Part of the payoff has been invisible — in the air itself.
Airparif, an independent group that tracks air quality for France’s capital region, said in April that levels of fine particulate matter (PM 2.5) have decreased 55% since 2005, while nitrogen dioxide levels have fallen 50%. It attributed this to “regulations and public policies”, including steps to limit traffic and ban the most polluting vehicles.
Air pollution heat maps show the levels of 20 years ago as a pulsing red — almost every neighborhood above the European Union’s limit for nitrogen dioxide, which results from the combustion of fossil fuels. By 2023, the red zone had shrunk to only a web of fine lines across and around the city, representing the busiest roads and highways.
The change shows how ambitious policymaking can directly improve health in large cities. Air pollution is often described by health experts as a silent killer. Both PM 2.5 and nitrogen dioxide have been linked to major health problems, including heart attacks, lung cancer, bronchitis and asthma.
Paris has been led since 2014 by Mayor Anne Hidalgo, a Socialist who has pushed for many of the green policies and has described her wish for a “Paris that breathes, a Paris that is more agreeable to live in.”
Her proposals have faced pushback — from right-leaning politicians, a car owners’ association and suburban commuters, who say that targeting cars makes their lives more difficult.
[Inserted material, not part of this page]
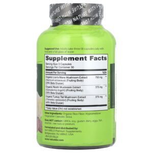 | Extrato de Cogumelo Juba-de-Leão Orgânico (Hericium erinaceus) (Corpo de Frutificação) (25% de Beta Glucano) | 750 mg | ** |

But last month, Parisians voted in a referendum to turn an additional 500 streets over to pedestrians. A year earlier, Paris had moved to sharply increase parking fees for SUVs, forcing drivers to pay three times more than they would for smaller cars. The city has also turned a bank of the Seine from a busy artery into a pedestrian zone and banned most car traffic from the shopping boulevard of Rue de Rivoli.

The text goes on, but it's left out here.